13 Gb in two minutes is a throughput of 110 Mb/Sec,
which doesn't seem ludicrously slow.

What's your target?

BugBear
From: Alan Malloy on
bugbear wrote:
> Hakan wrote:
>> Lew wrote:
>>
>>
>>
>>> First, 13.7 MB isn't so terribly large. Second, markspace
>>> specifically asked for hard numbers and pointed out that adjectives
>>> like "extremely big" are not terribly meaningful, yet you ignored
>>> that advice and the request and simply provided another vague
>>> adjective, "immense", without any indication of what your target
>>> performance is. Third, he asked for an SSCCE, which you also ignored
>>> completely.
>>
>>> Given all that, you make it impossible to help you, but let me try
>>> anyway. I'm just a great guy that way.
>>
>>> But you're still going to have to provide an SSCCE. Read
>>> <http://sscce.org/>
>>> to learn about that.
>>
>>> You mentioned that "reading each character with a RandomAccessFile is
>>> too slow". OK, then don't do that! Stream the data in, using a
>>> large block size for the read, for example, using
>>> <http://java.sun.com/javase/6/docs/api/java/io/BufferedReader.html#BufferedReader(java.io.Reader,
>>>
>>> int)>
>>> to establish the stream.
>>
>>> At that point your search for digits is nearly all memory-bound. On
>>> most modern systems you should be able to fit the entire 13.7 MB in
>>> memory at once, eliminating I/O as a limiting factor.
>>
>>> Now you just need an efficient algorithm. Perhaps a state machine
>>> that scans your 13.7 MB in-memory buffer and spits out sequences of
>>> digits to a handler, somewhat the way XML SAX parsers handle searches
>>> for tags, would be useful.
>>
>>> Now for the best piece of advice when asking for help from Usenet:
>>
>>> <http://sscce.org/>
>>> <http://sscce.org/>
>>> <http://sscce.org/>
>>
>> Sorry about the mistake, but the file is actually 13 GB. I can read to
>> a character array buffering about 30 million characters before the
>> heap space is overflowed. This is still only a part of the file.
>>
>> The sscce site is down and not accessible when I tried.
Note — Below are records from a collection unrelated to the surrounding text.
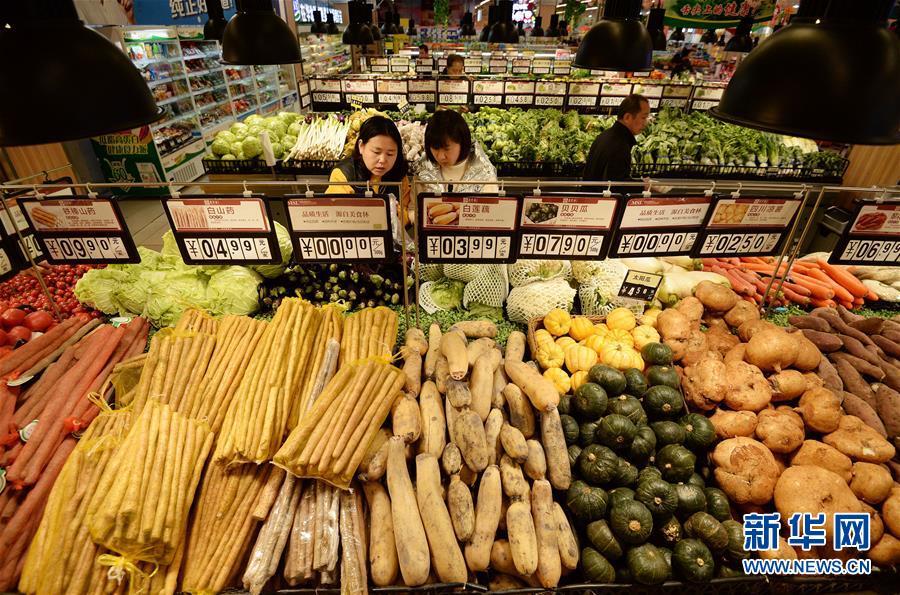 4月11日,顾客在河北省邯郸市峰峰矿区一家超市选购蔬菜。当日,国家统计局发布数据,3月份,全国居民消费价格(CPI)同比上涨2.3%。一季度,全国居民消费价格总水平比去年同期上涨1.8%。 新华社发(郝群英 摄)
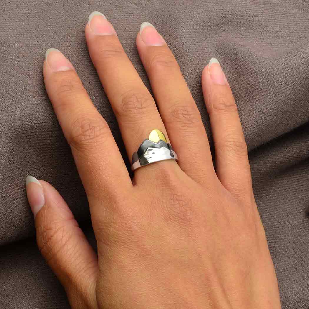 Appeal to your customers sense of adventure with this sterling silver layered mountain ring with bronze sun. This scenic ring features three layers - one hammered to evoke rugged mountain terrain, the next a smooth black finish like a mountain in shadows, and the third a warm bronze setting or rising sun.
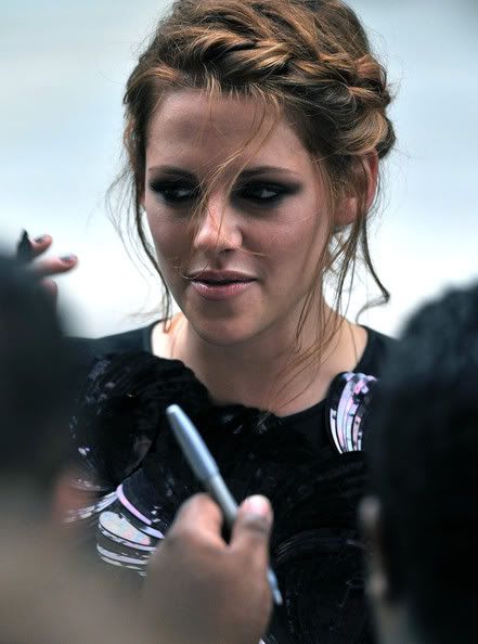But the role of Bella has truly defined her — and defined what her image means and will continue to mean to the general public. Even when she is photographed smoking pot on a doorstep, or holding hands with her boyfriend (who is NOT, or least WAS not, Robert Pattinson), or even appearing with non-Bella hair (as she’s currently filming the Joan Jett bio-pic), they cannot usurp the conflation of Stewart with her Bella persona. It’s as if Bella Swan is wearing a mullet wig — a total inverse of the actual situation, which has Stewart putting on a Bella wig to cover up her ‘real’ mullet haircut.

What I have
>> been doing so far is something like this in rough code:
>>
>> static int nchars=27000000;
>> int startpos=0;
>> File readfile="../x.txt";
>> FileReader frd=new File;
>> String searchs="20020701";
>> char[] arr=new char[nchars];
>>
>> while (more dates to search for)
>> {
>> frd=new FileReader(readfile); /*reopen file
>> frd.skip(startpos); /*move to file pointer where final place of last
>> date was found
>> frd.read(arr,0,nchars); /*10
>> find number of date occurrences in arr with pattern matching
>> update searchs (first time to "20020702" and so on
>> startpos=startpos+(last place of pattern match)
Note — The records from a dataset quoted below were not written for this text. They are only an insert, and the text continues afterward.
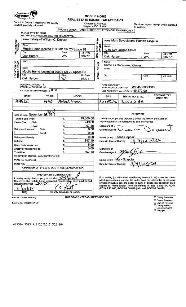 | Mailing Address: | PO BOX 184 COUPEVILLE, WA 98239 | % Ownership: | 100.0000000000% |
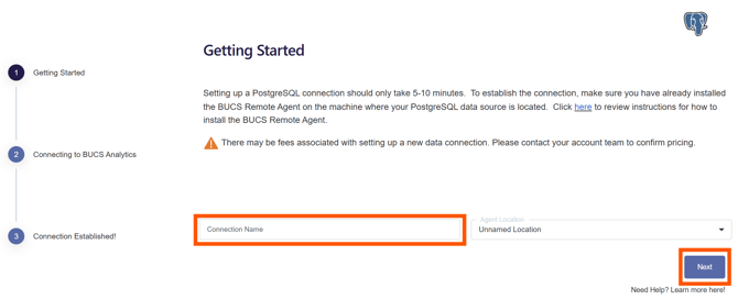 To establish the data connection, you will need the BUCS Remote Agent installed on the machine where your PostgreSQL data is located. Remote Agent installation instructions can be accessed here.
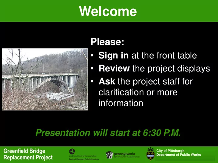 Thanks for Attending Project Website: • http://greenfieldbridge.otmapgh.org Please: • Sign in at the front table • Review the displays and ask questions of the project staff City of Pittsburgh Department of Public Works
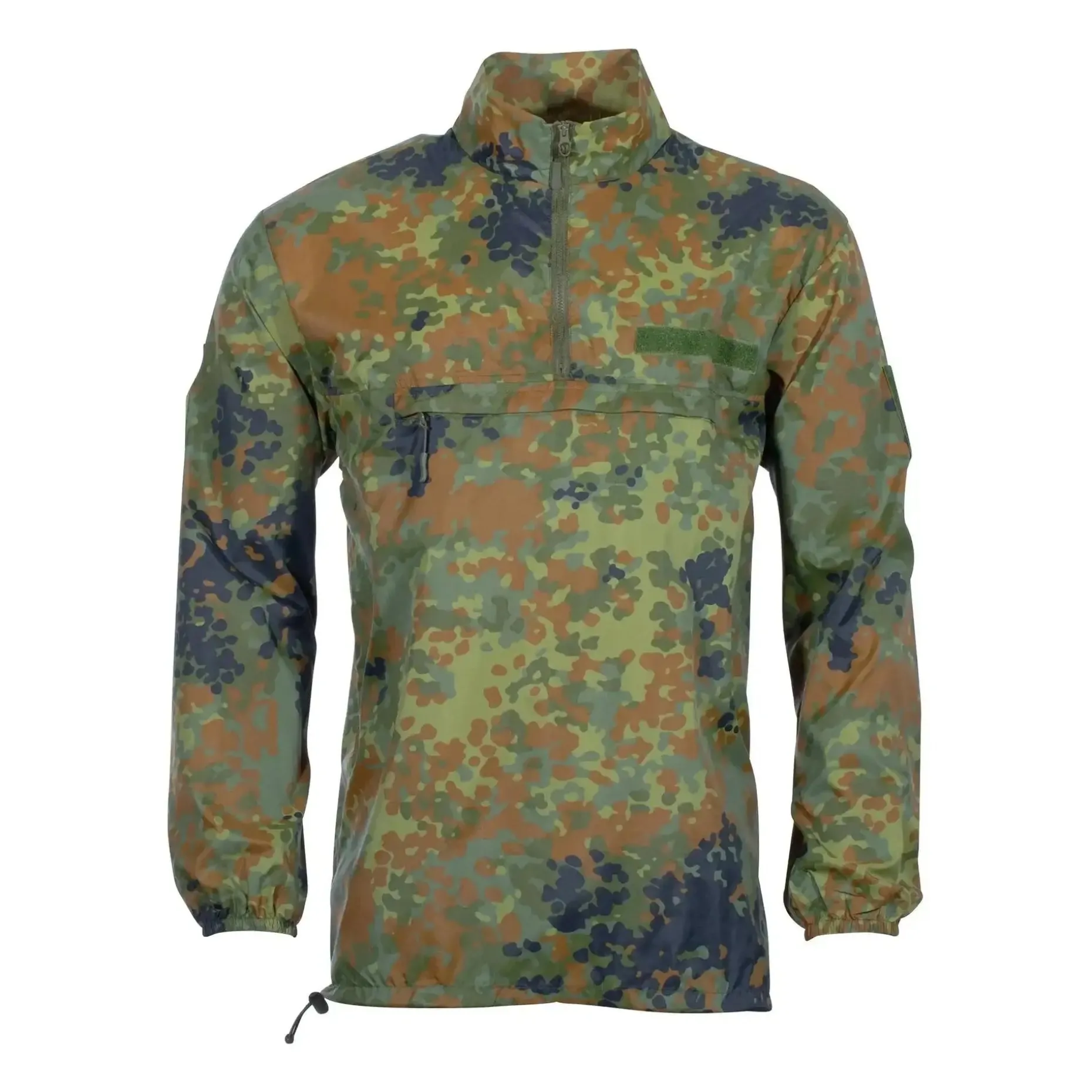 Das TACGEAR Windshirt ist ein robustes, atmungsaktives Oberteil für Einsätze, Training und Outdoor-Aktivitäten unter wechselnden Wetterbedingungen. Dank der Teflon-Beschichtung ist das Material wasser- und schmutzabweisend, während das leichte Ripstop-Nylon hohe Reißfestigkeit bietet. Mit dem Half-Zip-Reißverschluss lässt sich das Shirt schnell an- und ausziehen, und über den Kordelzug an der Taille kannst Du den Sitz individuell anpassen. Die große Brusttasche mit Reißverschluss bietet sicheren Stauraum für Karten, Notizen oder kleine Ausrüstungsgegenstände. Namensschild- und Dienstgradklettflächen an Brust und Schultern ermöglichen eine flexible Kennzeichnung, während elastische Armbündchen für optimalen Tragekomfort sorgen. Ein funktionelles Windshirt, das Dich bei Wind und leichtem Regen zuverlässig schützt – ideal für taktische Einsätze oder den täglichen Outdoor-Gebrauch.

>> output result for this date
>> }
>>
>> This in all tends to use one to two minutes per run of the loop. What
>> I would like to do is to a) either preprocess the file such that I get
>> an input file where only numbers are present or b) change the read
>> call at label 10 so that it only reads numbers instead of all next
>> characters. Thank you so much for your help!!
>
>
> 13 Gb in two minutes is a throughput of 110 Mb/Sec,
> which doesn't seem ludicrously slow.
>
> What's your target?
>
> BugBear

He's complaining that he's spending two minutes in each iteration of his
loop; the loop reads only 27MB per iteration.